Our stimuli were random binary sequences in which either a preferred stimulus (P, which drove the cell maximally) or an anti-preferred stimulus (A, giving minimal response) was shown on each video frame at 100Hz. We also used ternary random sequences which included a neutral stimulus (N). Typically, P was an optimized sine grating, A was counterphase (LGN and V1) or orthogonal to P (V1), and N was mean gray. For direction selective (DS) cells, P moved in the preferred direction, A moved in the opposite direction, and N was static. We tested the center and surround in LGN, the classical receptive field and surround in V1, and DS cells in V1 and MT/V5.

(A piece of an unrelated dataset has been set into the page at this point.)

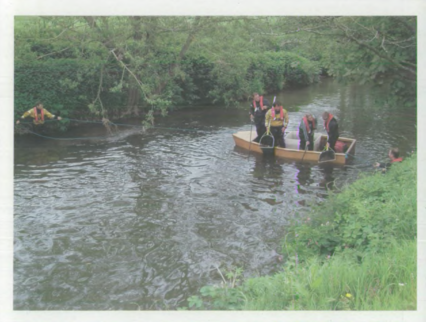
Environment Agency staff sample fish in a Somerset river: protecting habitats is one of our aims for the catchment

We outline our objectives and action plan on pages 6-7.

Almost always, the response latency for on-to-off (P-->A) transitions was shorter than that for off-to-on (A-->P) transitions. In particular, the decrease in firing rate for P-->A transitions began sooner than the rate increase for A-->P transitions, and the delay for the A-->P response was often less when A was present longer. With ternary stimuli, the N-->P and N-->A responses showed little or no timing difference for the LGN and for DS cells in V1 and MT/V5. However, for orientation selectivity in V1, the timing asymmetry persisted for N-->P and N-->A responses. Our results are consistent with the notion that anti-preferred stimuli place neurons in a hyperpolarized state, delaying the response when a preferred stimulus is applied. The delay depends on both the duration of A and on the strength of P. An integrate-and-fire model can reproduce the observed latency asymmetry; however, variations in the typical behavior across classes of neurons reveal differences in mechanisms that process different visual features.